She was a pioneer, yes, but that’s not what he’s talking about—lots of pioneers go unheralded or are quickly forgotten. It’s not enough to have been first, even to have been first at the many things Waters was first at. It’s the quality of her accomplishments and their variety, as well as her unique place in our entertainment history, that make her life and her art of such pivotal significance.

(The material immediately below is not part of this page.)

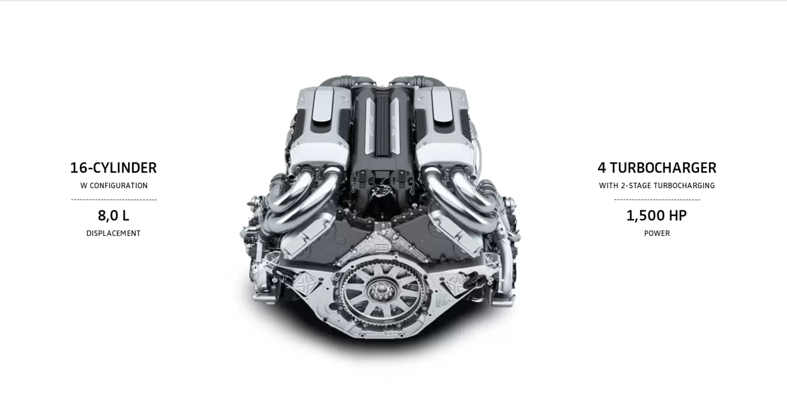 ขุมพลัง W16 8 ลิตร 4สูบเทอร์โบ 1,500 แรงม้า แรงบิด 1,600 Nm ที่ 2,000-6,000 รอบ/นาที พร้อมอัตราทดเกียร์ที่สั้นลงกว่า Chiron Sport 15% เร่ง 0-100 กม./ชม. ใน 2.3 วินาที, 0-200 กม./ชม. ใน 5.5 วินาที และท๊อปสปีดยังปรับเพิ่มขึ้นเป็น 380 กม./ชม.
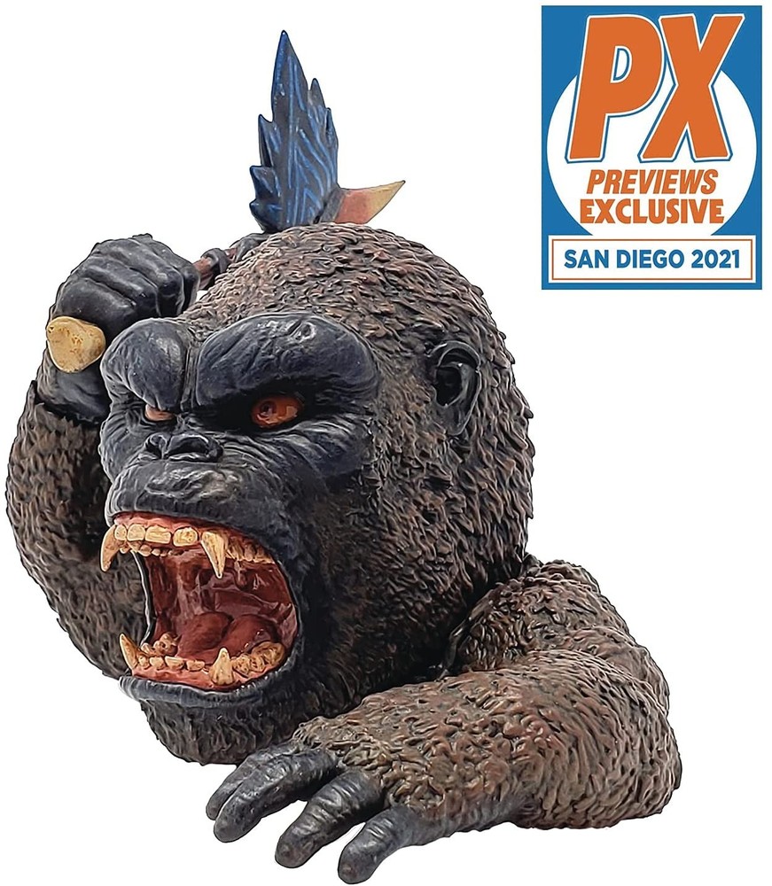 Smashing its way through your nearest toy shelf, this San Diego Exclusive Kong soft vinyl toy is read to head into battle against his oldest foe, Godzilla! Standing about 3.3" tall, this PREVIEWS Exclusive Kong figure features a fun stylized look, amazing detail and a swappable fist and battle axe, you can pit this awesome, limited edition Kong against the Godzilla soft vinyl figure (sold separately) and declare the the winner! Limited to 1500 Pieces. A San Diego Comic-Con 2021 exclusive Fun, stylized look with amazing detail Swappable fist and battle axe Stands about 3.3" tall Limited to 1,500 pieces

She was one of the very first black women to record (it was in 1921). She was the first to have her own radio program, to star in a Broadway show along with major white stars, and to star on Broadway in a serious drama. She was the second black actor to be nominated for an Oscar, for Pinky. (Hattie McDaniel had won for Gone with the Wind.) She was, as far as I know, the first popular entertainer to have produced a serious autobiography—His Eye Is on the Sparrow (1951)—that was not only authentic but a best seller.

Here are some of the songs she introduced, apart from being the first woman to sing “St. Louis Blues”: “Stormy Weather,” “Dinah,” “Taking a Chance on Love,” “Am I Blue?,” “Heat Wave,” “Happiness Is a Thing Called Joe,” “Cabin in the Sky,” “Supper Time.”

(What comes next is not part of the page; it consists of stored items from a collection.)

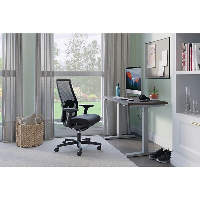 Getting exactly what you want has never been this easy. Take your home office to new heights and land in the perfect comfort zone with this desk and chair combination designed for ultimate productivity. Sit, stand, and repeat all at the touch of a button with a height-adjustable HON Coze desk that offers contemporary style and plenty of support. Set up is a breeze, meaning you’ll be ready to face the workday in mere minutes. Look great and feel even better in this contemporary HON Ignition task chair, designed for easy assembly and optimal comfort. An array of ergonomic adjustments provides precise support right where you need it, while a breathable mesh back flexes and moves with you to keep the air and your ideas flowing freely. Laminate and edgeband are Florence walnut. Chair mesh is black.
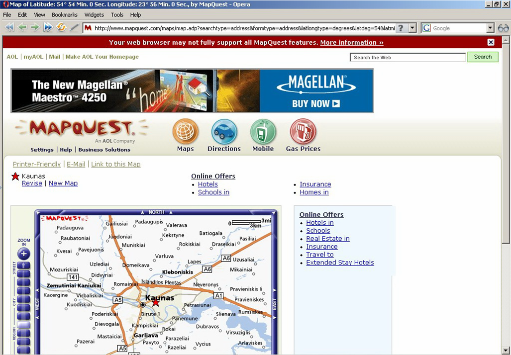 Mažiau populiarus, bet irgi naudotinas atlasas – MapQuest. Čia irgi pasižiūrėkime, kur tas Kaunas. Šis atlasas skirtas daugiau keliaujantiems automobiliais, tad jame yra ir atitinkamos informacijos (netgi apie degalų kainas) jei tokia buvo surinkta.
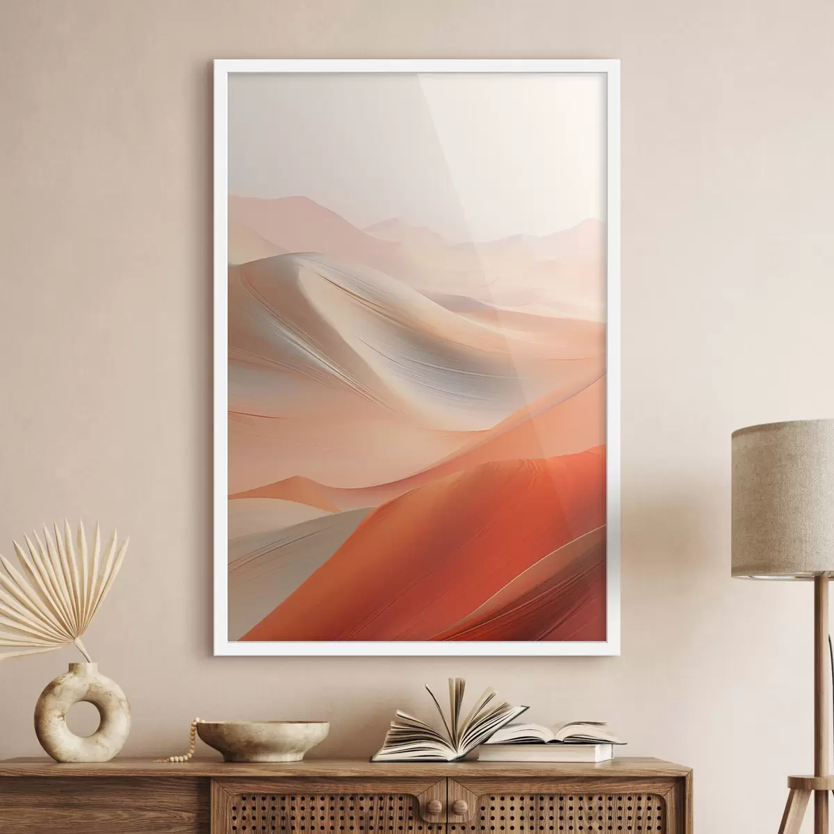 Plakatas Abstraktus dykumos peizažas su banguojančiomis smėlio kopomis šiltų oranžinių ir baltų atspalvių Ne f47030
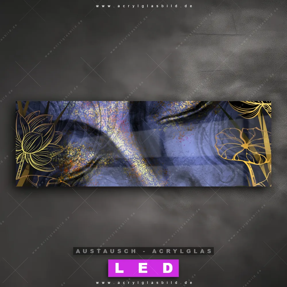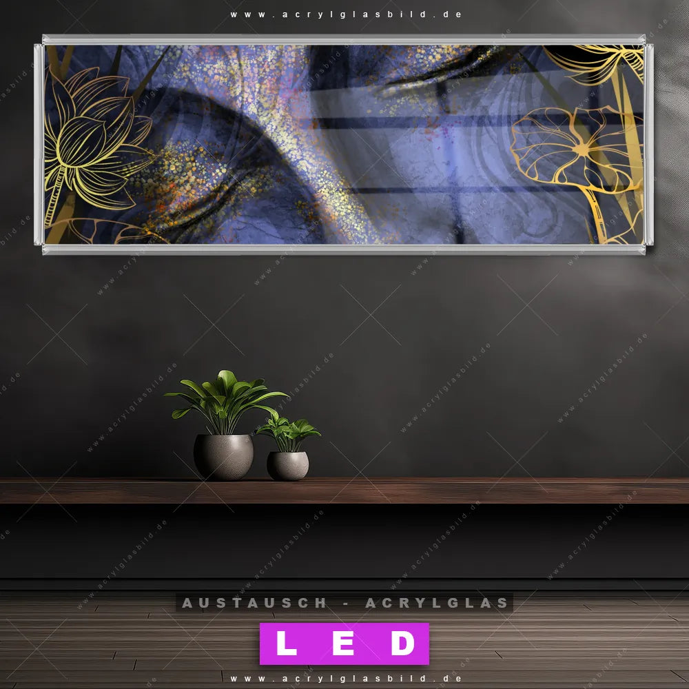 Wechsel-Acrylglas Canvalight® DIA | Buddha in Gold & Blau | Panorama
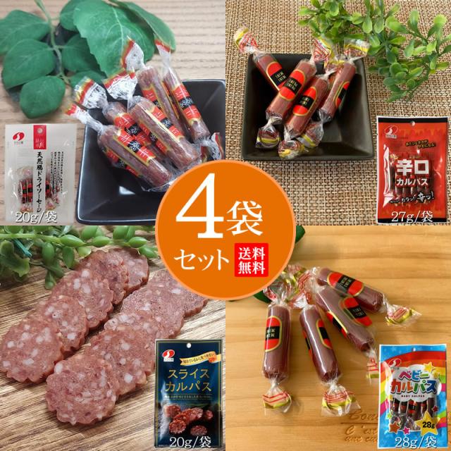 カルパス 食べ比べ 8袋セット バラエティセット メール便 送料無料 おやつ サラミ お菓子 お試し かなりお買い得 ポイント消化 おつまみ 食品 1000円 ポッキリ YP [サラミ家 4種8袋 BY3] 即送
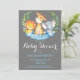 Safari Jungle Animals Boy Baby Shower Invitation. Blue and Grey Card. Boy Baby Shower Invite. Watercolor Floral Flower and Leave. For further customisation, please click the "Customise it" button and use our design tool to modify this template.
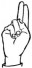 На ћирилици написано АНДРИЈА СЕКУЛОВ састоји се из 14 слова [?]. Исписано ћириличном једноручном азбуком за глувонеме:

What kind of singer was she? She didn’t have a big voice or even an utterly distinctive one. She had no training:

I never had a singing lesson, and I never learned to play anything or read music. I could always sing a song after hearing it played or sung a couple of times. Then I would just sing it the way it made me feel.

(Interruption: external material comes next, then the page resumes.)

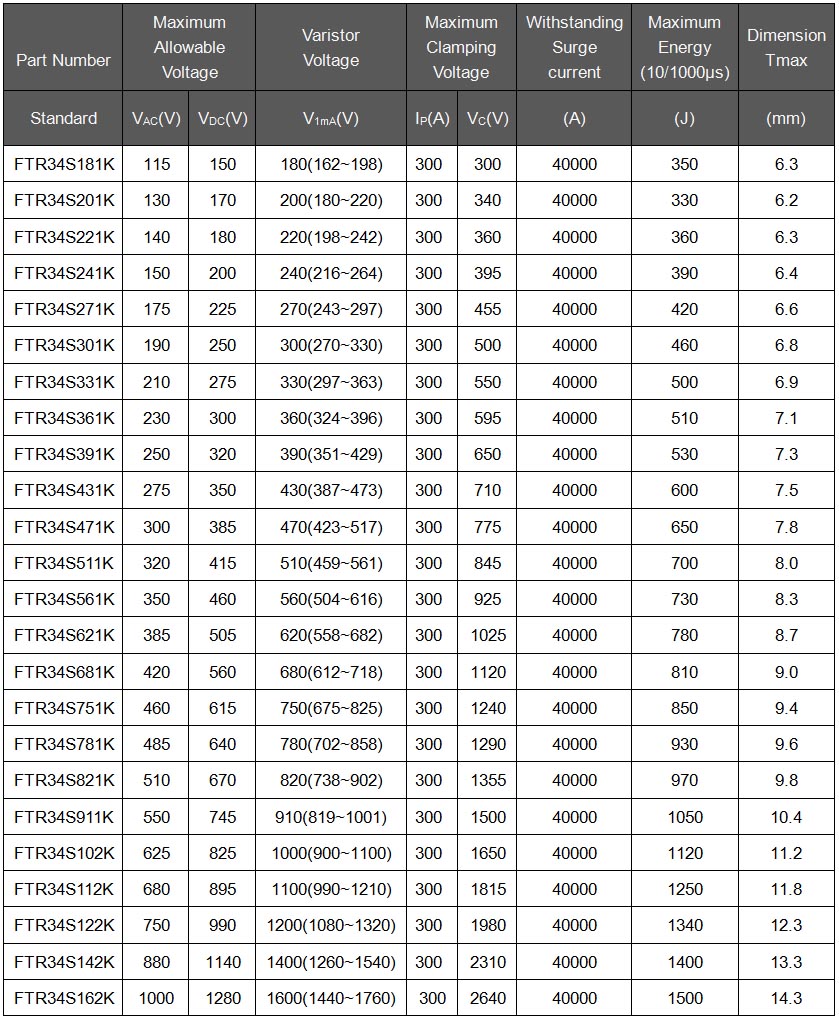 简要描述:压敏电阻 FTR34S201K 201KS34

She sang every kind of song, beginning with raunchy ones—“My Handy Man” (“He threads my needle, creams my wheat,/Heats my heater, chops my meat…”), “Shake That Thing,” “I Like the Way He Does It”—all dripping with double entendres though more to amuse than to provoke. She sang standards, from “I Got Rhythm” and “Georgia on my Mind” to “Miss Otis Regrets.” She sang heartbreaking songs (“Make Me a Pallet on Your Floor”) and ethnic songs (“Eli Eli,” a big success.) She wasn’t a shouter, like her contemporary Bessie Smith, or a transplanted exotic, like her rival Josephine Baker. She didn’t necessarily swing. You couldn’t pin her down. Yet she was the most successful woman singer of the Twenties and Thirties—and the best.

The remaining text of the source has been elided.